Этот же клик вырвался на площадь, где стояли еще более густые толпы, и там повторялся долго-долго:

— Смерть изменникам!..

Заговорил Плужанский, один из соредакторов "Nowa Polska", органа патриотического клуба:

— Спасайте отчизну! — также сильно, нервно сразу заговорил он. — Братья, отчизна гибнет. Холера уносит столько жертв… Лучшие люди, защитники ваши, народ польский, пали от этого бича Божьего… Нет нашего редактора-товарища Людвика Жуковского… нет Козловского, народного трибуна… Унесен злым недугом советник и друг ваш Ильинский… Иностранные врачи со всех концов Европы собираются на помощь полякам. А свое — польское — правительство? Что делает оно? Пирует, бездействует и… предает народ! Да, предает… Пробудитесь, поляки! Долой Скшинецкого, долой всех, кто вертел честным, но безвольным диктатором, смелым Хлопицким… Долой тех, кто выпустил из Варшавы предателя Любовицкого, да и многих других, кто сам заподозрен в измене делу земли, делу народа: долой Лубенского, Крисинского, Залусского… И Чарторыского долой, двуличного старика… Они не поняли духа народного. Не поняли той жажды справедливости и свободы, которая охватила нас. И проклятье тем, кто не имеет духу крикнуть: "Смерть изменникам!"

— Гибель предателям! — снова прогремело в залах. Снова эхом отдалось на площади, подхваченное тысячами голосов…

Заговорил Мохнацкий.

— Гибель изменникам… Либо — негодяям, ничтожным глупцам, севшим на места народных вождей! Как назвать иначе? Почему в руках этого генерала Скшинецкого гибнет польская свобода, гибнет Польша, все войско наше, равное войску, идущему на нас?! Сколько крови пролито… Сколько миллионов народных денег затрачено — и все бесплодно! Кто тому виною? Не столько даже братьев наших сложило голову в кровавых боях, сколько погибло от нужды, от холеры, от напрасной траты сил во время ненужных переходов с места на место… Вспомните Вавер и Дембы, Литву, Волынь, Подолию и Украину, где реяли наши знамена, где стояли наши полки с полками российскими. И что же? Мы вечно позорно отступали… не по желанию солдат. Каждый из них — готов был сложить голову за отчизну. Начальники вели войско не вперед, а… назад, к Варшаве, словно указывая пути врагу. И он понял указания… Вся польская армия заперта на пространстве нескольких верст, внутри и вокруг Варшавы… Кто довел до этого ужаса? Почему генерал Скшинецкий не исполнил прямого приказа сейма, не дал решительной битвы там далеко от столицы, на широких, свободных полях Мазовецких? Он позволил без выстрела занять лучшие позиции. Спасибо надо сказать ему за такой подвиг! Народ терпелив. Чуя свою силу, он верил, долго ждал… Но — столько печальных ошибок, столько позорных дел… Что же это? Самая черная измена портит все начинания, уничтожает последние усилия, какие делает измученный польский народ. Удача по воле Божией столько раз сама давалась нам в руки… и вместо того, чтобы пользоваться ею, наши "отцы отечества" только отталкивали ее, губили все! Чего же дальше ждать? Если не кары, то требую немедленного удаления от власти этих… бездарных, ничтожных… или, быть может, даже вероломных вождей, предателей земли и народа. Гибель предателям!

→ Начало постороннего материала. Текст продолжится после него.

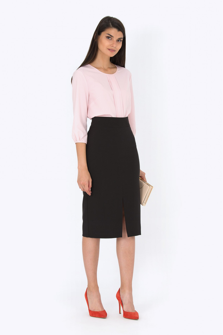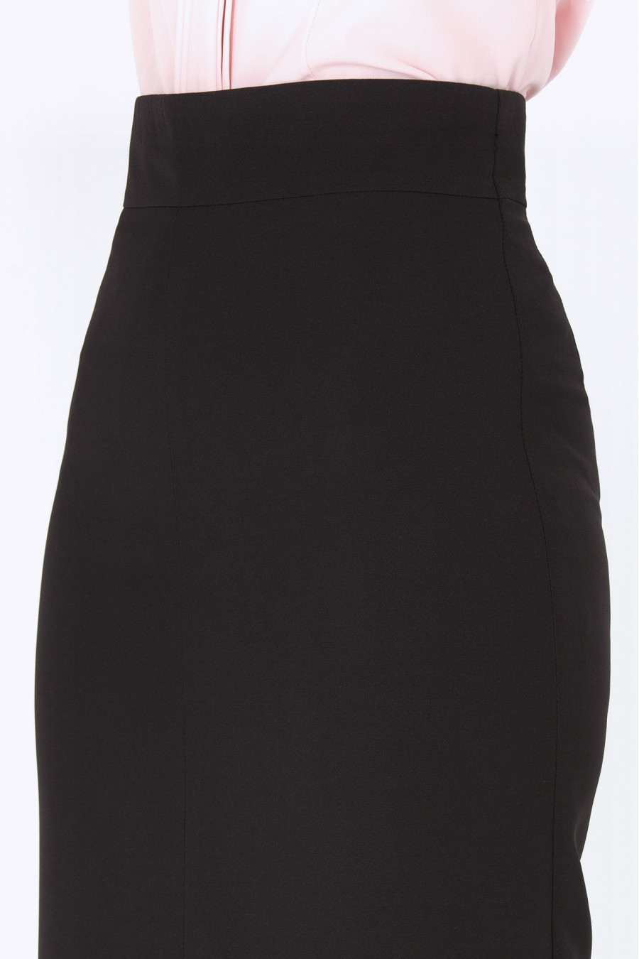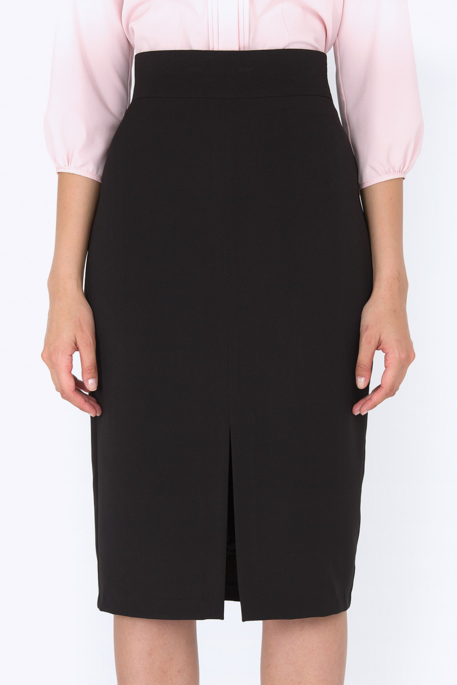 Роскошная юбка миди на поясе черного цвета. Ткань струящаяся, с эффектом эластичности. Есть подкладка из полиэстера. Юбка идеально облегает фигуру, позволяет зрительно вытянуть силуэт, хорошо смотрится с туфлями на высоких каблуках. Образ на фотографии дополняет блузка b 2170-coldi.

Видя, что настроение поднято до надлежащей степени, руководители и вожаки выбрали тут же депутацию из нескольких человек, в которую вошли и ораторы этого вечера: Чинский, Бонский, Плужанский.

За ними к палацу Радзивилла, где заседало теперь Народное Правительство, потянулась и вся толпа.

По пути она росла. Клики раздавались из нее:

— За нами, за нами, люди! Идем говорить с Ржондом… Мы желаем добиться правды и справедливости от этих аристократов-бездельников!..

На Замковой площади к толпе пристали военные, офицеры, народные гвардейцы…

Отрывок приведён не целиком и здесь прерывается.